| Material shown |
---

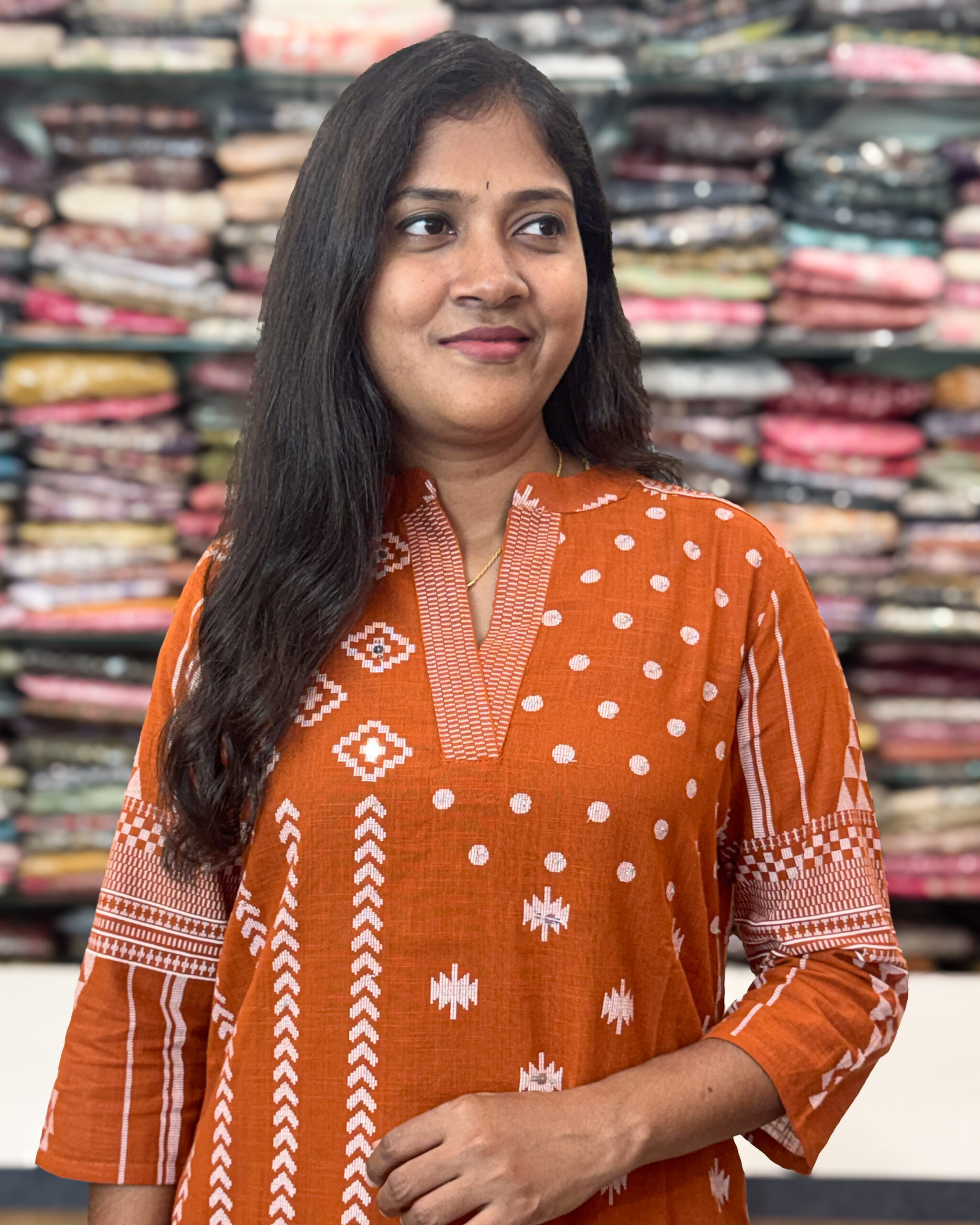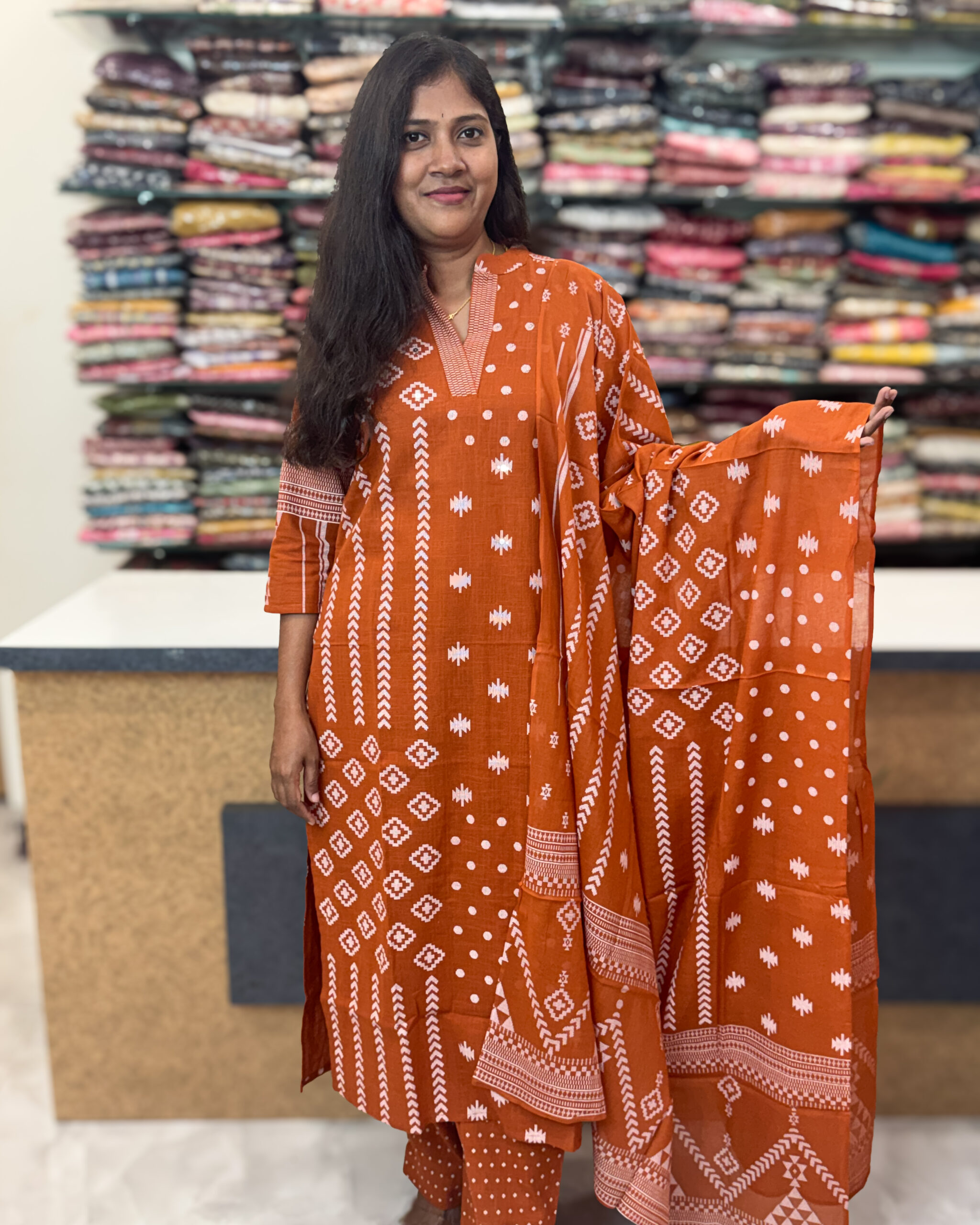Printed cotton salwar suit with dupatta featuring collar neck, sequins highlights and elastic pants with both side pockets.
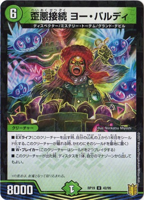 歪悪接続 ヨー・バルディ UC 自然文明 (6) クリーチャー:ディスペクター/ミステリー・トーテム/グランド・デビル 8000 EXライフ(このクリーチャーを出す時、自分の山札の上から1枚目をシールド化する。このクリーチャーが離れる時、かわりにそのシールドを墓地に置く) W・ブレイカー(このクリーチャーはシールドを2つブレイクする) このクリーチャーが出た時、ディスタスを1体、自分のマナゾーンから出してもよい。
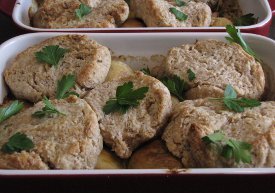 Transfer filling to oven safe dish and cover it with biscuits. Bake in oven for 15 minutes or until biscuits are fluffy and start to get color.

---

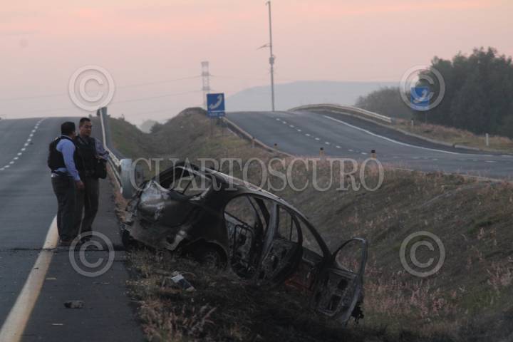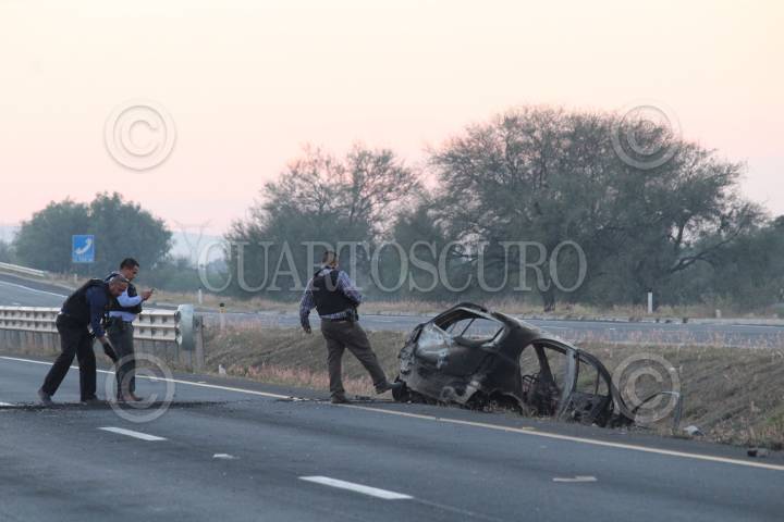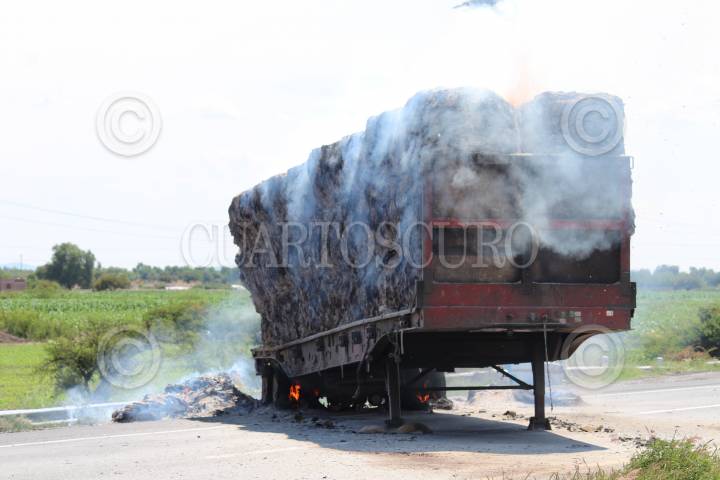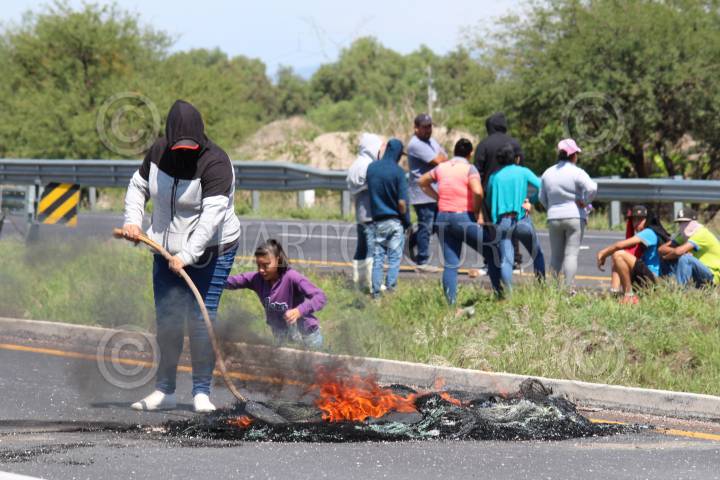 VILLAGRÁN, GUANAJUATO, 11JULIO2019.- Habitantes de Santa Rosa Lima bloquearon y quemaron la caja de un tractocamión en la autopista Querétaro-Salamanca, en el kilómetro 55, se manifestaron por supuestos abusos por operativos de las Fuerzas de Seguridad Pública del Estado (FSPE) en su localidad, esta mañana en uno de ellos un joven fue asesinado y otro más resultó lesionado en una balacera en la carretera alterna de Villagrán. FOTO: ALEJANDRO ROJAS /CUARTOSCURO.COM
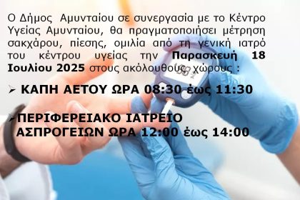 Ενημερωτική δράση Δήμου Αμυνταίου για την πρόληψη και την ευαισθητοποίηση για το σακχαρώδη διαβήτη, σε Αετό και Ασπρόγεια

---

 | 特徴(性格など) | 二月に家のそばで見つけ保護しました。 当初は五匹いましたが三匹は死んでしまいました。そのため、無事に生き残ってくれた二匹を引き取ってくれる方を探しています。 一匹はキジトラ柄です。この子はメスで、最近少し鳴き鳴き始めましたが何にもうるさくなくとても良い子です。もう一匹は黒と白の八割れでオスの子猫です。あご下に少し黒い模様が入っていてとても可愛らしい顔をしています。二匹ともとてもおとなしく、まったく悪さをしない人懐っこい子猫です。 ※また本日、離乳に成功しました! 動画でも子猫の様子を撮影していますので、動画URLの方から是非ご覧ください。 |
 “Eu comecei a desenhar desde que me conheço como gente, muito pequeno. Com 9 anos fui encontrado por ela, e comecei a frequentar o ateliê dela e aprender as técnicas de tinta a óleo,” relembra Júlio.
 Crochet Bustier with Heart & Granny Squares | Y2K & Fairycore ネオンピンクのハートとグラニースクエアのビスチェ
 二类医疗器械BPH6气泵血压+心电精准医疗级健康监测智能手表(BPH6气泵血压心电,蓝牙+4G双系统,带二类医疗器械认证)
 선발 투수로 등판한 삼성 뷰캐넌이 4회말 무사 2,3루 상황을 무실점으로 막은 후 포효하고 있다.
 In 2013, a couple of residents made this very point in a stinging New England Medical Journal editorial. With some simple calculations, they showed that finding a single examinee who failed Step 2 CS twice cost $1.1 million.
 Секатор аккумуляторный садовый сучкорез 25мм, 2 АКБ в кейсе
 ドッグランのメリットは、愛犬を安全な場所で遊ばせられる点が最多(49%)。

---

| Task description |
Above are the entries. Output exactly the lines beginning with the line that has "선발 투수로 등판한 삼성" and ending with the line that has "In 2013, a couple".

| Answer to the exercise |
 선발 투수로 등판한 삼성 뷰캐넌이 4회말 무사 2,3루 상황을 무실점으로 막은 후 포효하고 있다.
 In 2013, a couple of residents made this very point in a stinging New England Medical Journal editorial. With some simple calculations, they showed that finding a single examinee who failed Step 2 CS twice cost $1.1 million.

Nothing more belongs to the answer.